On top of the risks it poses for teachers, it is impossible to ensure that schools are taking all of the proper precautions needed to keep campus safe. It is difficult to imagine a world where schools that struggle to provide teachers with enough money to decorate their classrooms or provide supplies will have all of the sanitary and medical equipment necessary to keep children and adults safe. What’s more, it is difficult to trust that students will stick to rules by keeping their masks on all day and washing their hands often, especially younger children who may not understand the severity of the situation.
Although they may not be preferred, online classes are the most adaptable for any changes. If things take a turn for the worst, schools wouldn’t need to quickly upload months of grades and content as they did when coronavirus initially hit the United States. Instead, the content will already be retrofitted to a new, socially distanced environment. Many schools, including colleges and universities, currently have contingency plans to return to the online model if coronavirus cases spike once more. But why bother creating a contingency plan when you can use it year-round?
The happy medium, the hybrid model, looks different across county and state lines. It is a popular model, indeed. According to The Baltimore Sun, teachers, students, and parents alike all prefer the hybrid model that offers the best of both worlds. However, the hybrid model does not come without its own unique set of challenges.

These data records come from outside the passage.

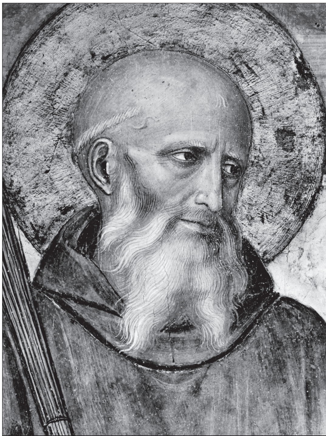
Sv. Benedikt z Nursie, freska od Fra Angelica, kostel San Marco, Florencia

Chléb svaté Zity (29 - dokončení) Silvia Koscelanská - strana 24 -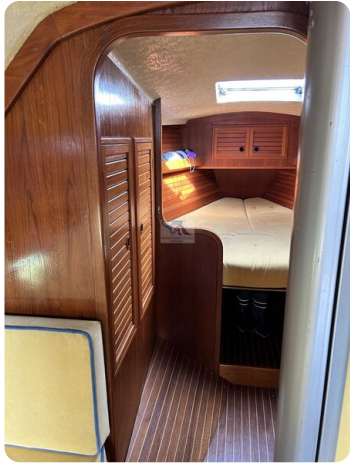
Avance 36 dL msp18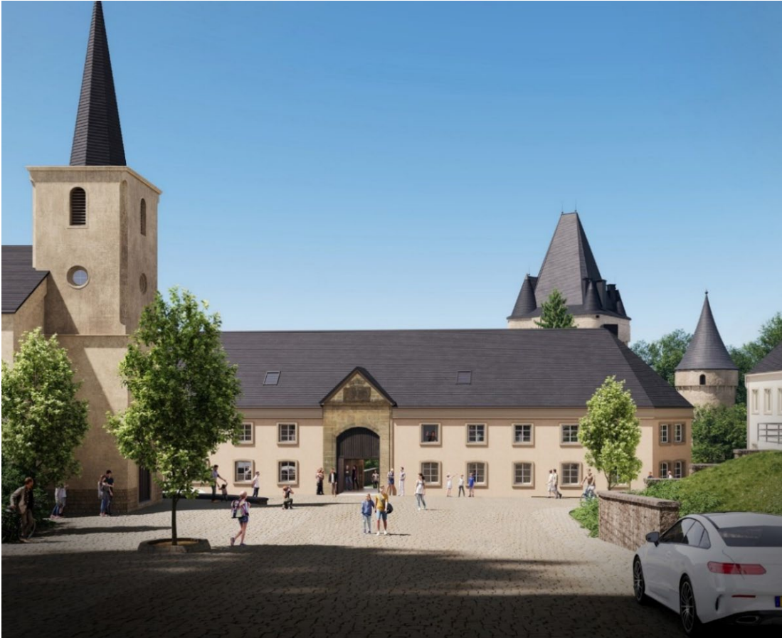
Vue place centrale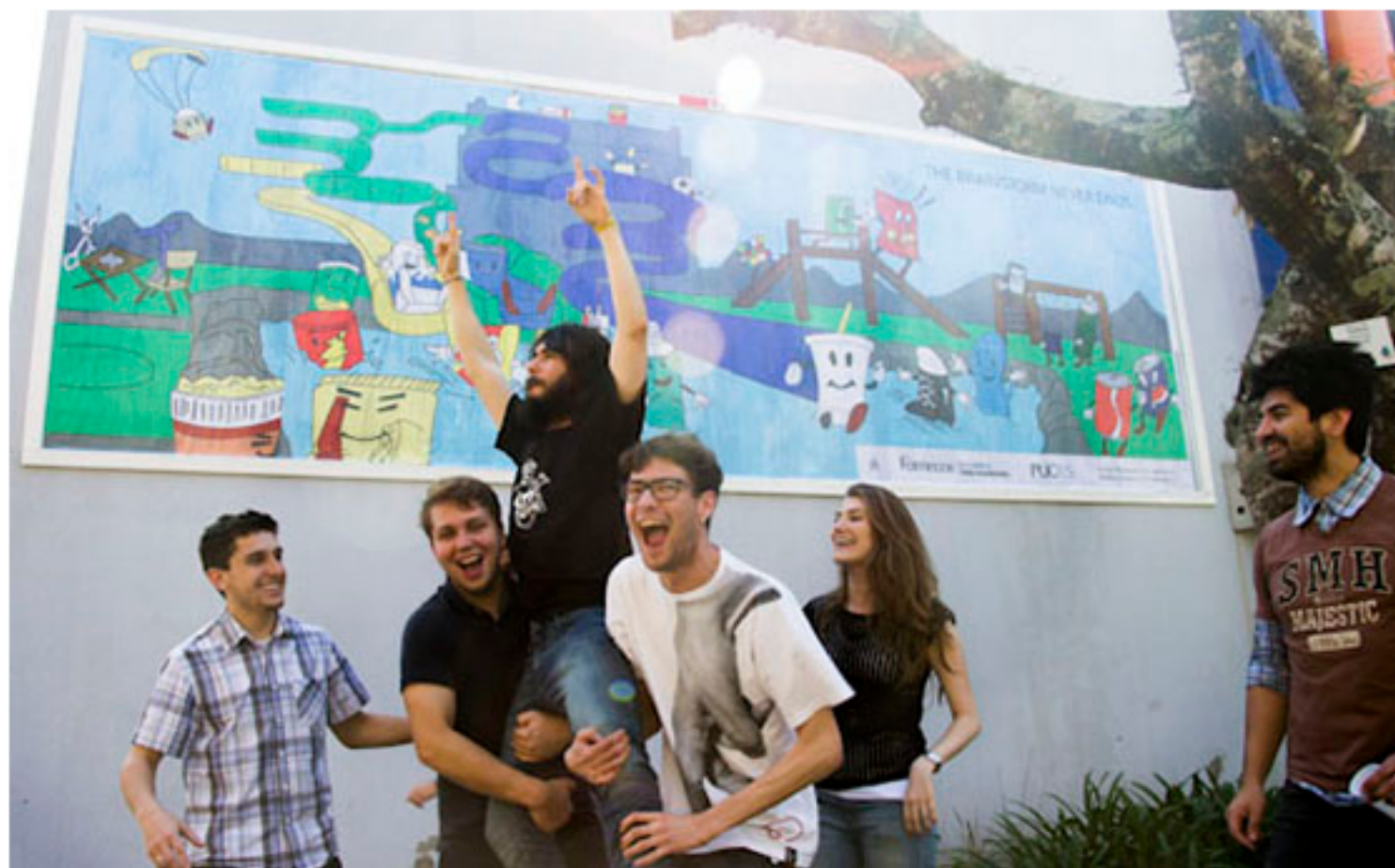
Alunos da Famecos comerando

The hybrid model requires an entire overhaul of master schedules and diligent, careful planning. According to Hybrid School Schedules; More Flexibility; Big Logical Challenges, schools will have to think about “ensuring there are enough teachers to handle multiple sections of the same classes, and figuring out new bus schedules. Some of the adaptations will be costly, and workloads may be heavy, especially for teachers. Continuity of instruction—between in-person and remote learning—will be a challenge.” However, these challenges are by no means as insurmountable as buying every single student a computer and broadband or figuring out how to make online learning as engaging or effective as in-person.
Hybrid means smaller class sizes and more room for social distancing. It also means that students can continue to learn through online avenues that keep them far away from others. Some of the concerns can be mitigated due to smaller class sizes, more in-person time, and less reliance on online learning.
The issue is complex. There are far more parts than we may like to admit about returning to school in the fall of 2020. And, in this case, back to school may not actually mean back to school. It’s extremely difficult to weigh all of the options, but at the very least parents have options to weigh.